What the hell is wrong with you?

22 comments

Skip to comment form

  1. 1
    aziraphale

    “The Church were, in large part, the ones who created the political-philosophical system. They were largely responsible for it. It’s not like they were serfs in a serfdom. They held the power. ”

    Excellent point. And one that it’s so easy to miss in the heat of argument – I had never spelled it out to myself. Thank you for making it so clear.

  2. 2
    Konradius

    What;s wrong?
    Easy: it’s having a predetermined conclusion, some facts and a ruler to draw a line between them.
    And then not having a critical thinking ability to take a step back and look what you wrote and then delete it.

  3. 3
    Holms

    This petersen guy can easily be summarised as “Now, I’m not defending the past actions of the church, but… [defends the past actions of the church”.

  4. 4
    Nick Gotts

    They were the ones setting the circumstances. They were the ones in power.

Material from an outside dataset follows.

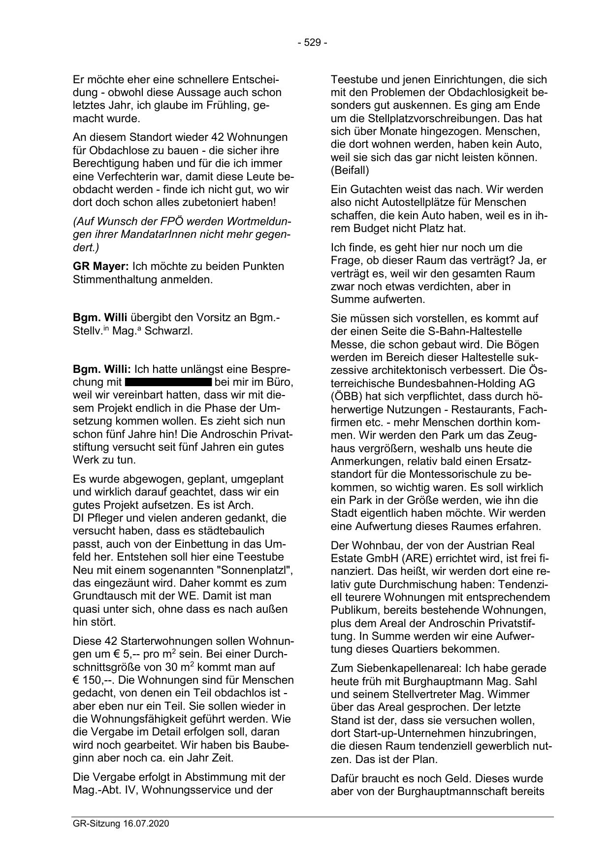 (Auf Wunsch der FPÖ werden Wortmeldungen ihrer MandatarInnen nicht mehr gegendert.)

    In relation to this, I highly recommend R.I. Moore’s The Formation of a Persecuting Society: Authority and Deviance in Western Europe 950-1250*.. Moore argues that the early second millenium saw the rise of a new literate, clerical elite, largely supplanting illiterate warriors as the closest advisors of kings as the complexity of medieval European societies and economies increased, and that this elite used persecution – of Jews, “heretics”, “lepers”, sexual minorities, etc. – to consolidate their power. Persecution was, IOW, integral to the power of the medieval and Renaissance church and church-educated elites.

    *I’ve only read the first edition, and that quite a long time ago. Must get the second!

  5. 5
    steffp

    It all burns down to the simple question: who set the “legitimacy”of killing heretics, who wrote the rules.
    R.I Moore’s book is very helpful in demonstrating that it was the church itself. Who else should have an interest to get rid of heretics, to ensure party line was followed?

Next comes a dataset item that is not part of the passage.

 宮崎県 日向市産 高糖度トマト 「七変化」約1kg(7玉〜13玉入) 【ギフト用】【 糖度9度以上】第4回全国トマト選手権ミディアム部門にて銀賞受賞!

    The only state influence I can see is in Spain at the time of the Reconquista, when moor-influenced local insurgencies occurred, which led to the expulsion of Muslims and Jews from Spain. Many avoided this by converting to Christianity, some of them insincere. Those were seen as a risk as they might support further uprisings. So a theological question (sincerity of Xian belief) was seen as a political question (likelihood of supporting revolt), and the church given authority to decide on said sincerity. That was the start of the Spanish Inquisition, which soon expanded the task of identifying krypto Jews and krypto-Muslims to prosecuting all kinds of heresies, and delivering the result of their torture to state authorities for disposal. That’s the prime reason why Protestantism never had a chance in Spain.

    If the results weren’t that gruesome, I’d find it hilariously funny that Christian apologists refer to the “brutality of the times” in which their church had absolute say in all questions. Which resulted in unspeakable terror, and the only way to stop this was deprive the church of its power. Protestantism as state religion of feudal lords opposed to the Catholic Habsburgers – as the result of the 30 years war – made it clear that no single religion could demand state to do its bidding. Secularsm – the end of “cuius regio, eius religio”, state religion, dealt the final blow.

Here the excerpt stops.